Self-portrait in the Other Space is a photographic series inspired by the heterotopias of Michel Foucault: “other spaces,” real yet separated from everyday experience, operating according to their own rules. For Foucault, the ship represents the heterotopia par excellence—a closed and isolated place, yet constantly in motion, separated from the rest of the world in space and time.
The series was developed between 2013 and 2021 inside different cruise ships. Despite formal variations, the photographed environments share recurring elements: artificial lighting, saturated colors, theatrical decoration, and muted atmospheres. These spaces form a self-contained system, where daily life is shaped by repetition and by the suspension of external references. Within this context, time appears uniform and cyclical. The cruise is not experienced as a journey, but as a state of permanence within a separated space, where days tend to resemble one another regardless of the changing port.
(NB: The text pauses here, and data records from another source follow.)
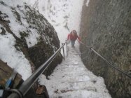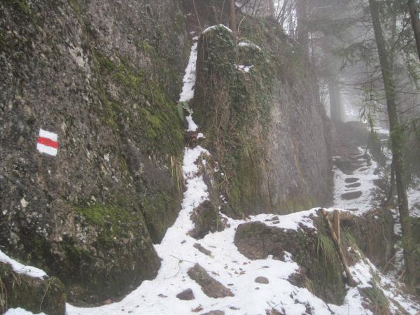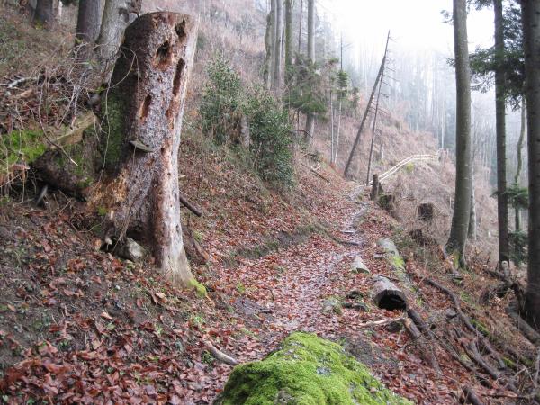 Der "Alte Rigiweg" ab P 748 bis P 1018 ist offiziell gesperrt. Begehen auf eigenes Risiko. Allerdings wird der Steig trotz Steinschlag und Erdrutschen bestens gepflegt, mit wiederum viel Engagement sind jene neuen Holzstufen und Holzgeländer montiert, sogar eine Eisentreppe ist installiert.
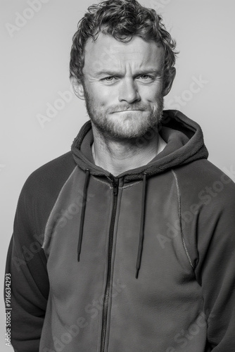 activewear, beard, hoodie, studio photography, monochrome, activewear, hi-res, photogenic, person, guy, expression, model, studio
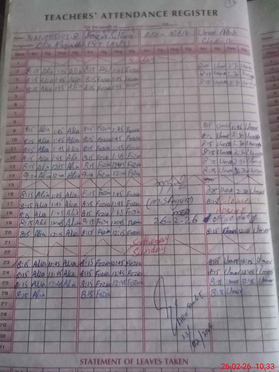 | CNIC | Full Name | Designation | R/C | Absence During Last Calender Month |
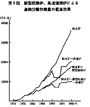 第6図 新型転換炉、高速増殖炉による濃縮分離作業量の低減効果
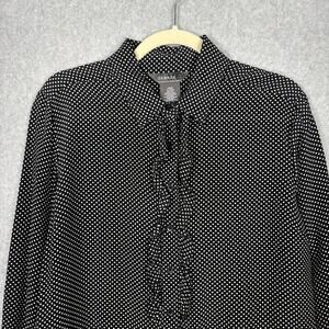George ME Shirt Womens XL Black White 100% Silk Dolka Dot Blouse Ruffle Button Corp Career Work Office Business Church Classic Preppy
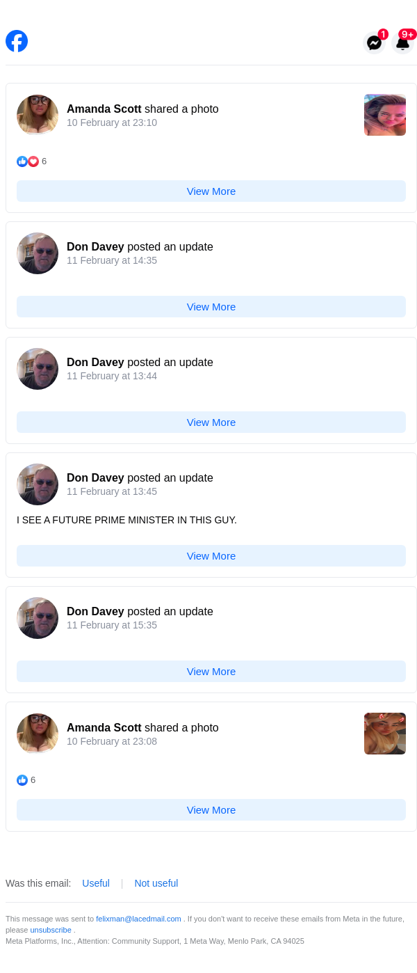 Top 6 posts on Facebook: posts from Amanda Scott and Don Davey

The work takes the form of a self-portrait, without narrative or autobiographical intent. A human presence appears within the spaces, often marginal or decentered, without acting or performing. The body introduces a scale of comparison with architecture, making visible the distance between the individual and the environment. The self-portrait is used as a tool for observation and relation rather than as an affirmation of identity.
Each photograph records a perceptual experience lived within a space that exists outside the ordinary, in another time. Self-portrait in the Other Space presents the image of an artificial, floating reality, suspended between reality and fiction, where space is not merely a container but a mental and emotional condition of existence.